– Вернулись? – уныло спросил и Николай Ребров.
Толстяк опустил голову и, закрыв ладонью глаза, коротко, прерывисто дышал.
– Погиб… Погиб я… Анафемски малодушен оказался… Колпак, дрянь, тьфу!.. баба! – бабьим голосом выкрикивал он, притопывая пяткой в пол. – Я не один, не один… Еще трое вернулись… Страшно. – Он подошел к юноше и неуклюже опустился пред ним на колени. – Колечка, голубчик… Страшно. Этот сволочь, возница, чтоб ему, чухне, поколеть, таких ужасов нагородил – беда. Будто бы много наших померзло, и только счастливчики благополучно выбираются. Толстопузый дурак я, чорт… Сидел бы я, толстопузый, во Пскове, нет! Чорт понес отечество спасать. Ну и подыхай, старый дьявол, здесь… Сидоров, дружище… Давай пить, пить, пить!

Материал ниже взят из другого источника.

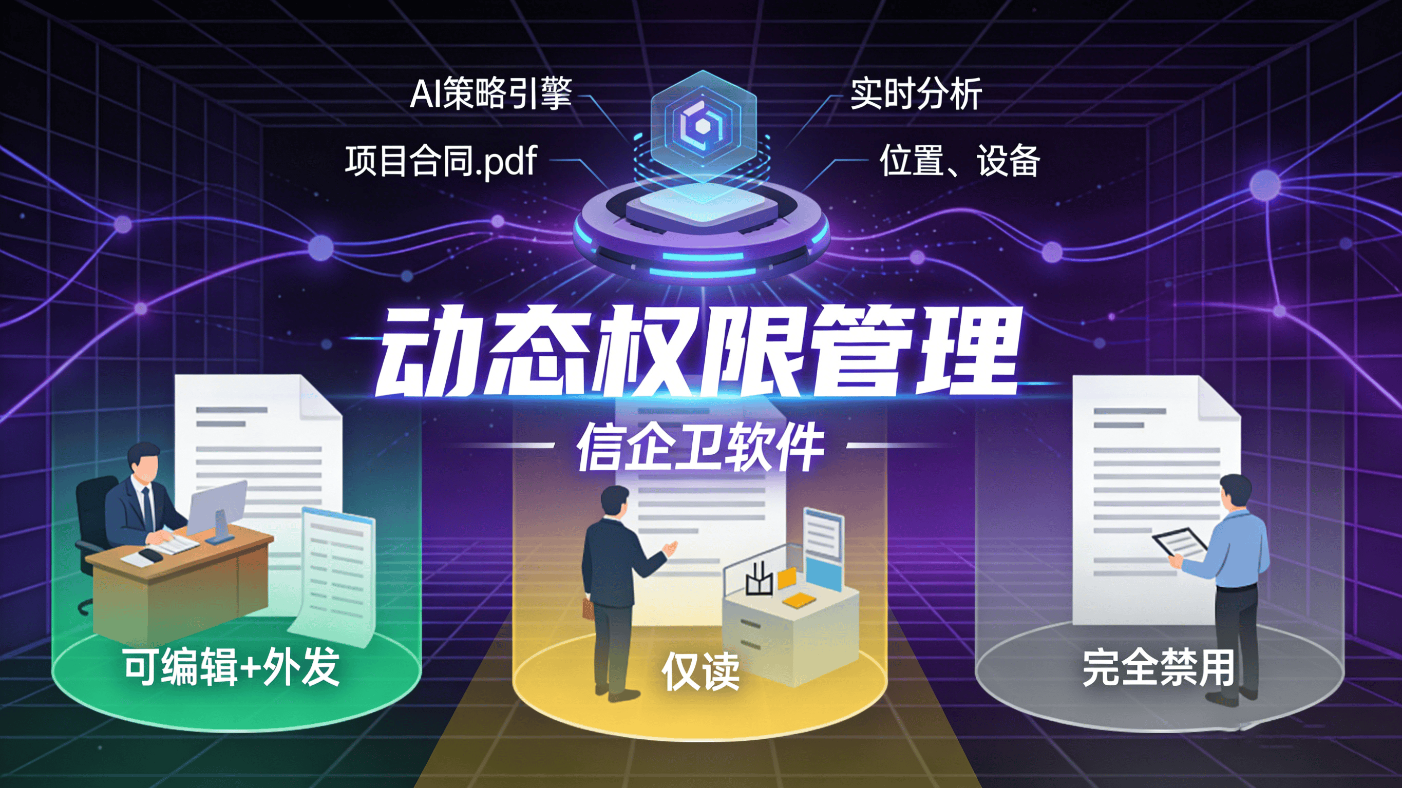 动态权限管理:支持按部门、角色、项目设置文件访问权限,可细化至“只读”“编辑”“打印”“截屏”等操作控制。
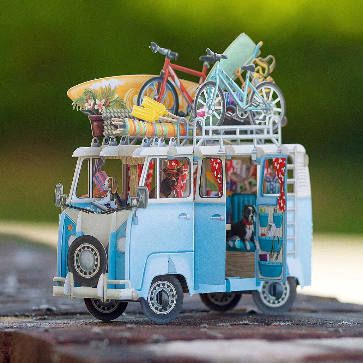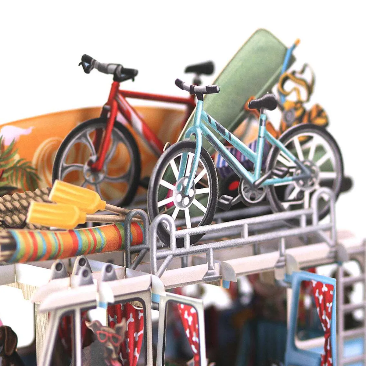 The Popup 3D Card Is Beautifully Designed With Laser Cut, Intricate Details. It Depicts A Delightful Image Of A Blue Vw Campervan, The Perfect Staycation. With The Roof Of The Van Full Of Bikes, Canoes And Other Holiday Essentials, The Van Itself Is Home To A Pack Of Doggy Companions, Five To Be Exact! The Colours And Details Of The Beautiful Design Combined With The Spinning Wheels Of The Van Really Brings The Design To Life!
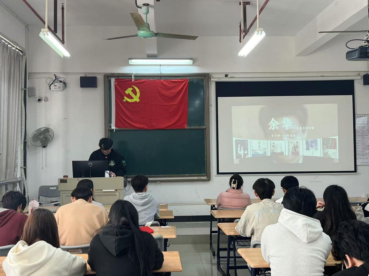 最后,由宣传部陈建泓同志向大家介绍余华,余华的作品以平实的笔触讲述苦难,让人在悲悯中反思人生。《活着》一书中福贵的命运曲折,让人深刻感悟到活着的意义在于承受与面对。余华从暴力的渲染到与苦难和解的转变,展现了他对人性深刻的洞察。其作品不仅具有震撼的艺术价值,更让我们思考如何在现实的苦难中寻找生命的意义。余华教会我们遗忘不快,放大快乐,这种人生智慧激励着我们在面对困境时依旧保持坚韧与乐观。
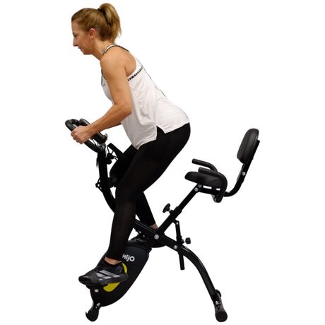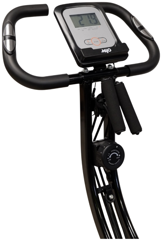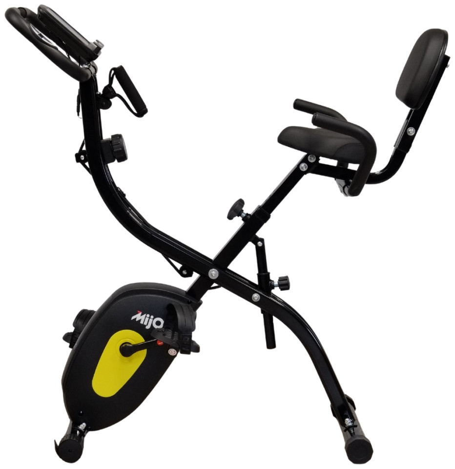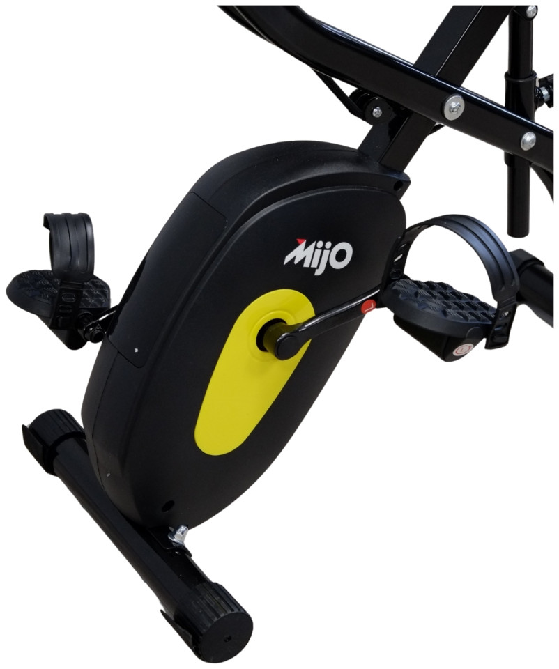 Αναδιπλούμενο Ποδήλατο Γυμναστικής με πλάτη Fit-X-Pedal της ελληνικής εταιρείς Mijo, κατασκευασμένο με άνετο κάθισμα με πλάτη για να παρέχει άνεση και υποστήριξη καθόλη την διάρκεια άσκησης, καθιστώτας το ιδανικό για άτομα με προβλήματα στην μέση. Διαθέτει δυνατότητα ρύθμισης του καθίσματος για εύρεση της ιδανική θέσης και ηλεκτρονικό καντράν που παρέχει ενδείξεις για την εκγύμναση σας όπως την ταχύτητα, τον χρόνο, την απόσταση που έχετε διανύσει, τις θερμίδες που καταναλώσατε, καθώς και τον καρδιακό παλμό. Με αναδιπλούμενο σχεδιασμό για να καταλαμβάνει ελάχιστο χώρο, με κομψό και στιβαρό σκελετό, κατασκευασμένο με μαγνητικό τροχό 3Kg, 10 επίπεδα αντίστασης για να προσαρμόζεται ανάλογα με τις ανάγκες κάθε χρήστη και μέγιστο βάρος χρήστη 120Kg, το ποδήλατο γυμναστικής με πλάτη Fit-X-Pedal είναι το όργανο γυμναστικής που δεν πρέπει να λείπει από κανένα σπίτι!

– Есть, ваше благородие, – и Сидоров достал из своего топорно сделанного сундучка завернутую в грязные подштанники бутылку с ромом и кусок сыру.
Павел Федосеич жадно выпил целый стакан и сразу расхолодел.
– С холоду, оно приятно, – улыбнулся Сидоров.
– Колька! Вьюнош! – закричал толстяк. – Знаешь, кто это? – и он похлопал Сидорова по плечу. – Это ангел, это спаситель твой. А я подлец, и кузен твой подлец, и все мы подлецы, бросили тебя, миленького нашего, больного мальчишку. А вот он не бросил… Запомни, вьюнош, русского мужика!.. На всю жизнь запомни!.. Ведь, кто нас бежать-то подбил, кто горел этой идеей-то? Он, Сидоров. А вот остался. Это не подвиг с его стороны? Подвиг!.. Христианский! Ближнего возлюбил… А ведь ты ему чужой, – толстяк обнял Сидорова и плакал у него на плече. – Не Сидоров ты, а Каратаев, знаешь у Льва Толстого Каратаев такой есть, солдат… Вот ты его внук-правнук…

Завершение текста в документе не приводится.